荀嬤嬤知道明意這習慣,也沒多想什麼,只道:「可不能叫府裡其他人知道,以為您是個好欺負的主兒,允著咱們蹬鼻子上臉。」
「怎會。」明意給她倒了酒,「連荀嬤嬤都給我顏面,他們定只覺得我是個好相處的。」
誰不喜歡聽長得這麼好看的小姑娘哄人呢,荀嬤嬤低笑,接過酒來就吃。
幾個丫鬟原還有些拘束,但看明意確實是個善心人,無論她們夾什麼菜都不阻攔,膽子便也漸漸大了起來。
明意一杯一杯地敬著荀嬤嬤:「主府我不太熟,往後還得承蒙嬤嬤照顧。」
「嬤嬤吃菜。」
「聽聞嬤嬤那兒子要結媳婦兒了,到時候我來添點彩頭。」
荀嬤嬤被她哄得高高興興,連連飲下幾盞。
這酒樓的菜餚十分可口,酒也香醇,不到半個時辰,桌上的丫鬟婆子就都喝得醉醺醺的,開始說胡話了。
明意臉上也泛著紅,她摸了摸自己的肚子,醉醺醺地起身:「我去如廁。」
荀嬤嬤見狀就想去跟著她,奈何旁邊那幾個喝醉了的丫鬟還拉著她說後院的瑣碎事,她一個晃神,明意人就已經不見了。

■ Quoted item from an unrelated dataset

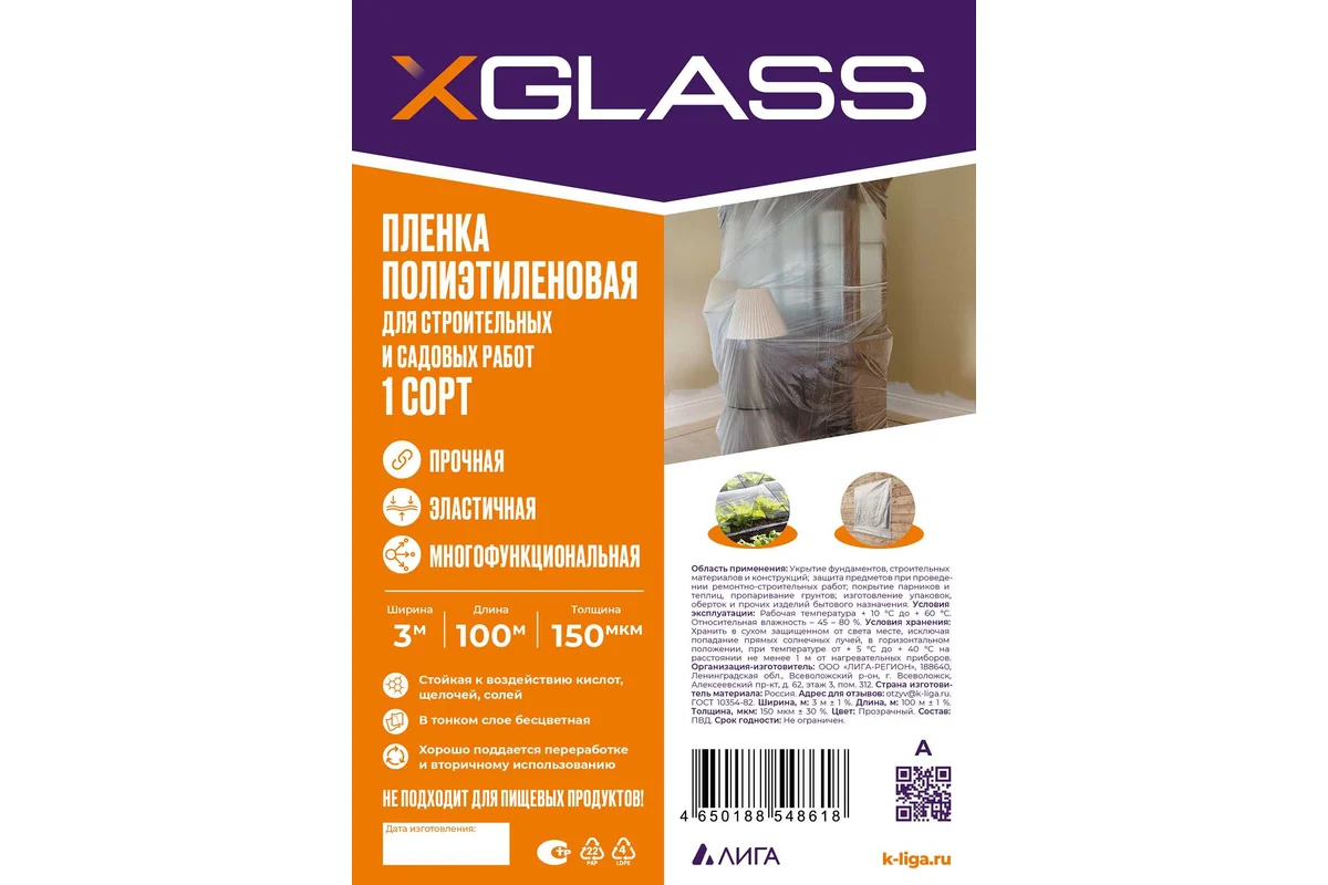 Внимание! Не подходят для пищевых продуктов. *Согласно ГОСТ 10354-82 Пленка полиэтиленовая: Предельное отклонение от номинальной толщины пленки 1 сорта составляет 30%. Плёнки 1 сорта, изготовленные по ТУ, могут иметь бОльшие отклонения по толщине. Плёнки ПВД 1 сорта XGLASS имеют максимальное отклонение по толщине 30%.

酒樓裡伺候周到,去如廁也是有丫鬟引路的,應該不會出什麼事。
荀嬤嬤擺手坐回凳子上,捏著杯子跟幾個丫鬟繼續聊。
明意搖搖晃晃地去如廁,回來的時候,外頭就等了個沒見過的小廝。
「這邊請。」他略略福身,做了個朝陽城的禮。
明意冷哼,還是佯裝醉酒跟著他走。
步上三樓,她明顯感覺到四周被人落了域,一股強大的元力在試探著上樓的每一個人。
她毫不猶豫地就甩手,將試探到她身上的元力擊了個粉碎。
「哈哈哈——」一扇廂房門應聲而開,裡頭的人捏著酒盞笑得花枝亂顫,「都這步田地了,明大人的脾氣還是這麼差。」
明意醉醺醺地走進屋,啪地將門關上,轉身就冷了臉:「是你。」
單爾收了笑意,略顯委屈:「大人怎麼這般失望,我怎麼了?」
「你怎麼會知道我在這裡。」她眯眼。
「您貴人多忘事。」單爾搖頭,「朝陽城所有的上等靈獸,都出自我手。」
朝陽與慕星之間隔著廣袤的雲海,需要上等的靈獸才能飛渡,明意離開朝陽城確實沒有外人知道,但有人問他借了靈獸,又不說去送誰,他便猜到了。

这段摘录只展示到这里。